Pour le Décodex du Monde, Réseau Voltaire « diffuse un nombre significatif de fausses informations et/ou d’articles trompeurs ». Le site de notation des médias NewsGuard le présente comme un site ayant relayé « la propagande du régime syrien et des théories du complot sur le 11 septembre » qui enfreint « gravement les principes journalistiques de base. Le site édite plusieurs allégations fausses et sans fondement notamment des affirmations visant à discréditer des rapports faisant état d’attaques à l’arme chimique menées par les force de Bachar El Assad contre des civils syriens. […] En 2020, Voltairenet.org a publié des informations trompeuses concernant la pandémie de Covid-19 ».

Le site, qui publie des textes dans plusieurs langues, se présente comme un « réseau de presse non-alignée, spécialisé dans l’analyse des relations internationales ». Le catalogue de sa boutique en ligne propose des ouvrages de Thierry Meyssan mais aussi d’autres auteurs complotistes tels que F. William Engdahl, Peter Dale Scott, Jean-Michel Vernochet, Gilad Atzmon ou encore Daniel Ganser.

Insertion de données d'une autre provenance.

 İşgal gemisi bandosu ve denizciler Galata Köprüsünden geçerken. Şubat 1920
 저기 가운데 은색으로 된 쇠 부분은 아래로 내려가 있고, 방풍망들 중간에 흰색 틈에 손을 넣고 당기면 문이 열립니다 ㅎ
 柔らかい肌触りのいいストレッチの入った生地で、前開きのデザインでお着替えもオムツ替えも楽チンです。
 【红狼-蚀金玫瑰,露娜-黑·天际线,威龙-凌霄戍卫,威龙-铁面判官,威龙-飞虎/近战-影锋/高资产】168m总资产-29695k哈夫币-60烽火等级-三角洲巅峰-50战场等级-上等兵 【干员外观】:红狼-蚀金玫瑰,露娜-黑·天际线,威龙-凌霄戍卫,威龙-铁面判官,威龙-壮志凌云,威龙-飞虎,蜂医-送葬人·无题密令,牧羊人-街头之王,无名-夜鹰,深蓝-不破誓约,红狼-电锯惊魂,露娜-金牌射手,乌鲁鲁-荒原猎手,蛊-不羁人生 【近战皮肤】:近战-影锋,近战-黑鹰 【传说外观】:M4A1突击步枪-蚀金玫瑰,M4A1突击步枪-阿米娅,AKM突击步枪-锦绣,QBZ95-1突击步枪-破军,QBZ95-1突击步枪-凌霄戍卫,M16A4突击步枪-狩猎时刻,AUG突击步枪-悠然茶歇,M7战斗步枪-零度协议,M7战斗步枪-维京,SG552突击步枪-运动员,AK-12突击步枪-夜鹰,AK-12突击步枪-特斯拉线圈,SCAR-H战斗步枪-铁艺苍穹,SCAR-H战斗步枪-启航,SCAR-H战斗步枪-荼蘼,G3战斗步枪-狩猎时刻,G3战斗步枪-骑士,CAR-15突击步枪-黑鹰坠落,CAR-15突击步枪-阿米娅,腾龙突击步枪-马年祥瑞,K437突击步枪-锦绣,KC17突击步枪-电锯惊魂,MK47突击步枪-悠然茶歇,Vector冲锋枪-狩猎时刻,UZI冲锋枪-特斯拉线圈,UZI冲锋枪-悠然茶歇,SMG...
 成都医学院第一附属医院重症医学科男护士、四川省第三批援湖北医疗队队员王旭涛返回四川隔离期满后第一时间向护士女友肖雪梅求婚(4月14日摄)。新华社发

Conçu par Raphaël Meyssan, graphiste et fils de Thierry Meyssan, le site du Réseau Voltaire est d’abord celui de l’association éponyme, fondée en 1994. Se présentant alors comme une « cellule de renseignements et d’anticipation des luttes, basée à Saint-Denis », le Réseau Voltaire compte en son sein des membres du MRAP, du Parti socialiste (c’est le cas de Jean-Claude Ramos), du Parti radical de gauche (Meyssan en est l’un des secrétaires nationaux jusqu’en 2008), du Parti communiste français (Gilles Alfonsi) et des Verts. L’objet social de l’association est, à l’époque, « la défense de la liberté d’expression et d’information » et « la défense de la laïcité, fondement de la République, et la lutte contre l’intégrisme moral et la censure ». Le Réseau Voltaire amorce un tournant idéologique à partir de la fin des années 1990, sur fond d’intervention de l’OTAN au Kosovo (1999) et d’attentats du 11-Septembre.

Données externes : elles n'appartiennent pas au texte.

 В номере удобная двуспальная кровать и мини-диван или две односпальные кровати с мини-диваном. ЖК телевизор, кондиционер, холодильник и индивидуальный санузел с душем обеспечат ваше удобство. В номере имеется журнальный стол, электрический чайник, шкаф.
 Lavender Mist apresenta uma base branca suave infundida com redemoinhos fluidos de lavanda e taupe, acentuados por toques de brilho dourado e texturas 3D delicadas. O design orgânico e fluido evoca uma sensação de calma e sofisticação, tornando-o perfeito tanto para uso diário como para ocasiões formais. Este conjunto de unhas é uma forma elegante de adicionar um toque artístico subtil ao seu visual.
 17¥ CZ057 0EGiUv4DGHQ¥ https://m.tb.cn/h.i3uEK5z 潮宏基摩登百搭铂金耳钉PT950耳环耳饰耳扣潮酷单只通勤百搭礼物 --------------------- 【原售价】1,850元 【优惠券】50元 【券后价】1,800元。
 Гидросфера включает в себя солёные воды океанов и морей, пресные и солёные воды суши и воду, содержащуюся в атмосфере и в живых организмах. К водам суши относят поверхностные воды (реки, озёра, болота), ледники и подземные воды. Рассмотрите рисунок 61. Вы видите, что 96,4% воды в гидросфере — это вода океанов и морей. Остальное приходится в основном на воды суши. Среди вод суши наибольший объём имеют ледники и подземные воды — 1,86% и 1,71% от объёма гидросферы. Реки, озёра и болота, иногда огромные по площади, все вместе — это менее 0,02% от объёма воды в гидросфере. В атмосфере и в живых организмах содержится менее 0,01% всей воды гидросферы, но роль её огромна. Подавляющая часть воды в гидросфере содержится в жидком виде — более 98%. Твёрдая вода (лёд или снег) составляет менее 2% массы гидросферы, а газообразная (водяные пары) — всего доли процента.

En mars 2002, dans son livre L’Effroyable imposture, Thierry Meyssan affirme qu’aucun avion ne s’est écrasé sur le Pentagone et que l’attentat a été provoqué par un camion rempli d’explosif (par la suite, il expliquera que c’est un missile qui aurait été tiré contre le siège du ministère de la Défense américain). Le 8 avril 2002, à Abu Dhabi (Émirats arabes unis), lors d’une conférence organisée sous les auspices de la Ligue arabe, il déclare que « les attentats du 11 septembre ne sont pas imputables à des terroristes étrangers issus du monde arabo-musulman – même si certains exécutants peuvent être islamiques –, mais à des terroristes américains. »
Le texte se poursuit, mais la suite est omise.